#### The task
Exactly the lines from the one containing "Luxurious Yellow N White Flower Arrangement" through the end of the data, and nothing more, should be retyped; pictures stay out.

#### Collected data

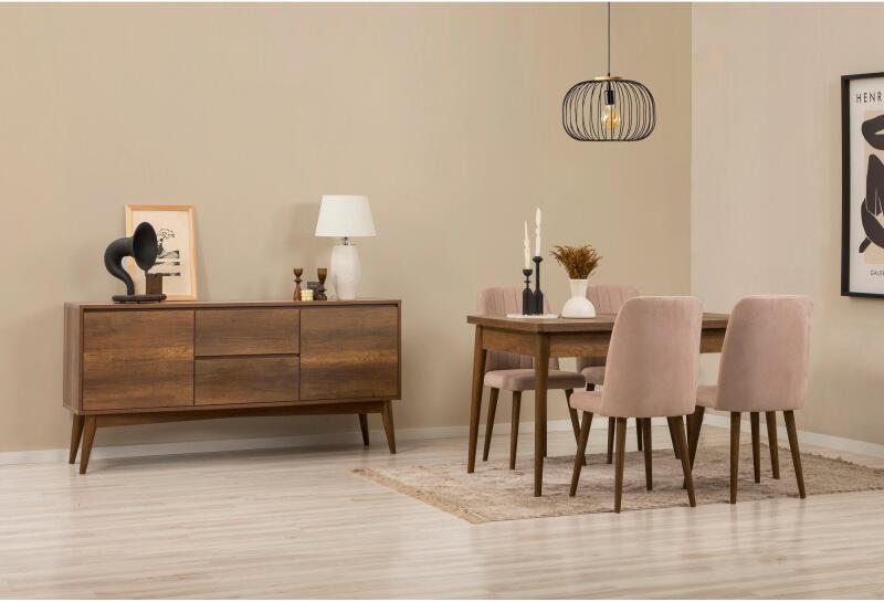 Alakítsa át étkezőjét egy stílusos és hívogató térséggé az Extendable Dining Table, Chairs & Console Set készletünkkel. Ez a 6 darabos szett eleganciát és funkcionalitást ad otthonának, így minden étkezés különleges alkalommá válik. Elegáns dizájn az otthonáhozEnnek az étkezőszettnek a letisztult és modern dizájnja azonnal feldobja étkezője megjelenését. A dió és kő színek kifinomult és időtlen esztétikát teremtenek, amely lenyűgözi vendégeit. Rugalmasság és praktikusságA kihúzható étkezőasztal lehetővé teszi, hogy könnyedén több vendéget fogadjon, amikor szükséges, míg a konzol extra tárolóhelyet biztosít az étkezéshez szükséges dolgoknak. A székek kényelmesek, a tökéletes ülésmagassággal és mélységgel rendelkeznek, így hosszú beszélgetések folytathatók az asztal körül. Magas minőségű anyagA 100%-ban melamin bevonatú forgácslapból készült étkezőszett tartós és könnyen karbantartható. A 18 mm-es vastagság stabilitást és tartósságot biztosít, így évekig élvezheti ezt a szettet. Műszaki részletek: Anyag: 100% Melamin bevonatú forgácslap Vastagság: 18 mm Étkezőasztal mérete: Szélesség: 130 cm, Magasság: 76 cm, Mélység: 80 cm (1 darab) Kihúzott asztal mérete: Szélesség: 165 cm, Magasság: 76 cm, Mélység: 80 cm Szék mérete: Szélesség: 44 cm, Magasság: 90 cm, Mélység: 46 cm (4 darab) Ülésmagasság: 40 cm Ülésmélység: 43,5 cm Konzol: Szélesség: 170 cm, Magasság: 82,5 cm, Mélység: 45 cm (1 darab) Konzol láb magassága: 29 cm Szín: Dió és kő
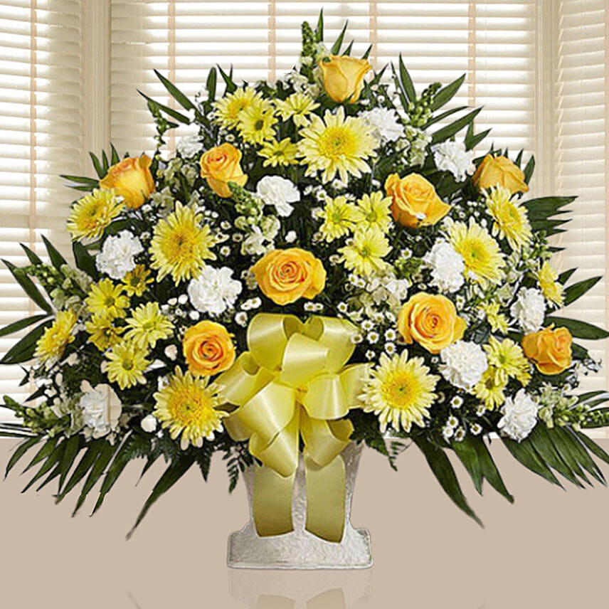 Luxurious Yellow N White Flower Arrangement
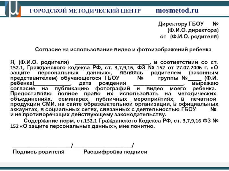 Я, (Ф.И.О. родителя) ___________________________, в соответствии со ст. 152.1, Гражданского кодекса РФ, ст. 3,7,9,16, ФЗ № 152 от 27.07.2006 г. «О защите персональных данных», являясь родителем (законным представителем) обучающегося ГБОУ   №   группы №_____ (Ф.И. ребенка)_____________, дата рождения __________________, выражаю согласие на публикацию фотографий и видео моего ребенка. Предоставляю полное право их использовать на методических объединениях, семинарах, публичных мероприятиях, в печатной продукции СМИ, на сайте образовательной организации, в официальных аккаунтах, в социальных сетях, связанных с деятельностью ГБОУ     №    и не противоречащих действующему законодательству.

#### Task answer
 Luxurious Yellow N White Flower Arrangement
 Я, (Ф.И.О. родителя) ___________________________, в соответствии со ст. 152.1, Гражданского кодекса РФ, ст. 3,7,9,16, ФЗ № 152 от 27.07.2006 г. «О защите персональных данных», являясь родителем (законным представителем) обучающегося ГБОУ   №   группы №_____ (Ф.И. ребенка)_____________, дата рождения __________________, выражаю согласие на публикацию фотографий и видео моего ребенка. Предоставляю полное право их использовать на методических объединениях, семинарах, публичных мероприятиях, в печатной продукции СМИ, на сайте образовательной организации, в официальных аккаунтах, в социальных сетях, связанных с деятельностью ГБОУ     №    и не противоречащих действующему законодательству.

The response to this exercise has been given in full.